Number of pages: 115
Get table from page 0
Get table from page 1
Get table from page 2
Get table from page 3
Get table from page 4
Get table from page 5
Get table from page 6
Get table from page 7
Get table from page 8
Get table from page 9
Get table from page 10
Get table from page 11
Get table from page 12
Get table from page 13
Get table from page 14
Get table from page 15
Get table from page 16
Get table from page 17
Get table from page 18
Get table from page 19
Get table from page 20
Get table from page 21
Get table from page 22
Get table from page 23
Get table from page 24
Get table from page 25
Get table from page 26
Get table from page 27
Get table from page 28
Get table from page 29
Get table from page 30
Get table from page 31
Get table from page 32
Get table from page 33
Get table from page 34
Get table from page 35
Get table from page 36
Get table from page 37
Get table from page 38
Get table from page 39
Get table from page 40
Get table from page 41
Get table from page 42


That's it! We got all the results from the Lundaloppet 2018 in a nice pandas DataFrame.

In [14]:
len(df)

2872

In [15]:
df.head()

Unnamed: 0.1,Unnamed: 0,Place(race),Place(cat),Bib no,Category,Name,Unnamed: 6,Association,Progress,Time,Status
0,,1.0,1.0,6922,P10,Hans Larsson,,MAI,Finish,33:22,Finished
1,,2.0,2.0,6514,P10,Filip Helmroth,,IK Lerum Friidrott,Finish,33:37,Finished
2,,3.0,3.0,3920,P10,David Hartman,,Björnstorps IF,Finish,33:39,Finished
3,,4.0,4.0,3926,P10,Henrik Orre,,Björnstorps IF,Finish,34:24,Finished
4,,5.0,5.0,2666,P10,Jesper Bokefors,,Malmö AI,Finish,34:51,Finished


In [16]:
df.tail()

Unnamed: 0.1,Unnamed: 0,Place(race),Place(cat),Bib no,Category,Name,Unnamed: 6,Association,Progress,Time,Status
2867,,,,6855,T10,porntepin sooksaengprasit,,Lunds universitet,,,Not started
2868,,,,6857,P10,Gabriel Teku,,Lunds universitet,,,Not started
2869,,,,6888,P10,Viktor Karlsson,,Genarps if,,,Not started
2870,,,,6892,P10,Emil Larsson,,,,,Not started
2871,,,,6893,P10,Göran Larsson,,,,,Not started


Let's save the result to a csv file

In [17]:
df.to_csv('lundaloppet2018.csv', index=False)

# Summary

With frameworks like [AngularJS](https://angularjs.org), [React](https://reactjs.org), [Vue.js](https://vuejs.org)... more and more websites use client-side rendering. To parse those websites, you can't just request HTML from the server. Parsing requires to run some JavaScript.
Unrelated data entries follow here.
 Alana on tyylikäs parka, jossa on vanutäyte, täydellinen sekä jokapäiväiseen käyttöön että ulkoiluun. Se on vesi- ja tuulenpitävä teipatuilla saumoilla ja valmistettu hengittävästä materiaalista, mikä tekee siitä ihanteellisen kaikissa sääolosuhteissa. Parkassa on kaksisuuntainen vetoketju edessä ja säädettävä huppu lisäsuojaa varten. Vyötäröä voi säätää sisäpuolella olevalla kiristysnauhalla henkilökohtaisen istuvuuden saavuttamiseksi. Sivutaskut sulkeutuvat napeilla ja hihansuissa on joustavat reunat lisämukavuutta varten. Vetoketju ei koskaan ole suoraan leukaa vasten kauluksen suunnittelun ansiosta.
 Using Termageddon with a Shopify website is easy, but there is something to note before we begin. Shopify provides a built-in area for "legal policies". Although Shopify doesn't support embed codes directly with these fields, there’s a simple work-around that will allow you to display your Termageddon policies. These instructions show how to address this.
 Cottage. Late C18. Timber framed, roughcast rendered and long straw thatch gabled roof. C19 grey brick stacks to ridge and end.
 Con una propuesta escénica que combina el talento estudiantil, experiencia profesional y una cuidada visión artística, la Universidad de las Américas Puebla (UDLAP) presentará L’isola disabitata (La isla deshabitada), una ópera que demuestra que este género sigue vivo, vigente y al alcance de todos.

[Pyppeteer](https://miyakogi.github.io/pyppeteer/) makes that possible. Thanks to [Headless Chomium](https://chromium.googlesource.com/chromium/src/+/lkgr/headless/README.md), it gives you access to the full power of a browser from Python. I find that really impressive!
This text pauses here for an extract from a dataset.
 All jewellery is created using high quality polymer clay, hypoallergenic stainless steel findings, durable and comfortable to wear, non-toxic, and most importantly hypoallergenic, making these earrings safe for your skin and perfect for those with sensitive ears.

I tried to use [Selenium](https://www.seleniumhq.org) in the past but didn't find it very easy to start with. That wasn't the case with Pyppeteer. To be fair, it was a while ago and both projects are quite different. It's not just about browser automation. Selenium allows you to perform cross browser testing. Pyppeteer is limited to Chrome/Chromium.
Anyway, I'll probably look more at Pyppeteer for web application testing.

For simple tasks, [Requests-HTML](https://github.com/kennethreitz/requests-html) is a nice wrapper and gives you a simple API. If you want more control, use directly Pyppeteer.
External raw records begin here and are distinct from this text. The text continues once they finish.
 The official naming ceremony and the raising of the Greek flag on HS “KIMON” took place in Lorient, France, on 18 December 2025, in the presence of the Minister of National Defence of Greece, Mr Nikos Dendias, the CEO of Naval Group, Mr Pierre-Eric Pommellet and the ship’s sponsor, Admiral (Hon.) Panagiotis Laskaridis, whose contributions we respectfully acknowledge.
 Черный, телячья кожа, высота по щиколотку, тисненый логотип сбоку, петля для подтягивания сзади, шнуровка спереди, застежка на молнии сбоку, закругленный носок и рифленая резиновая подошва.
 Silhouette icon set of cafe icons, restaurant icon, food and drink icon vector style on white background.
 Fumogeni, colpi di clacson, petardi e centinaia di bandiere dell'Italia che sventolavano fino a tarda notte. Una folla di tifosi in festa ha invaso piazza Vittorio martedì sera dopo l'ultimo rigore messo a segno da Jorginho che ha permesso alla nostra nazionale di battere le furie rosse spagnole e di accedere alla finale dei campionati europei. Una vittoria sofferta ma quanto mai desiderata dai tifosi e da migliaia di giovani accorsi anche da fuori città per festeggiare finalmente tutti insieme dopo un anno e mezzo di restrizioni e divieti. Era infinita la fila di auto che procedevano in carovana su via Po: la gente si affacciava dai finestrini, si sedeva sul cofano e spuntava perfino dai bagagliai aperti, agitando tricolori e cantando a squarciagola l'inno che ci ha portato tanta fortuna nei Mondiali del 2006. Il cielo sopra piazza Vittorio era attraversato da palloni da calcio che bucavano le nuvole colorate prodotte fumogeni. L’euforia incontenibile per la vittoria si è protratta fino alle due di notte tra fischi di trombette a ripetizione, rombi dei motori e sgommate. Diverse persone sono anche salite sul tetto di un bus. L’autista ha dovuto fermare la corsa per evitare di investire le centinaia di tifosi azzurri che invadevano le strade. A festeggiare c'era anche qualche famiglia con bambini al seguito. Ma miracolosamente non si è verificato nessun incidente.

One last note. To run this code in a Jupyter notebook, you should use tornado 4. asyncio code doesn't play well with ipython and tornado 5. See this Github issue: [asyncio will be running by default with tornado 5](https://github.com/ipython/ipython/issues/11030). There is some [work in progress](https://github.com/ipython/ipython/pull/11155) for a nice integration.

What about the Lundaloppet results you might ask? I'll explore them in another post!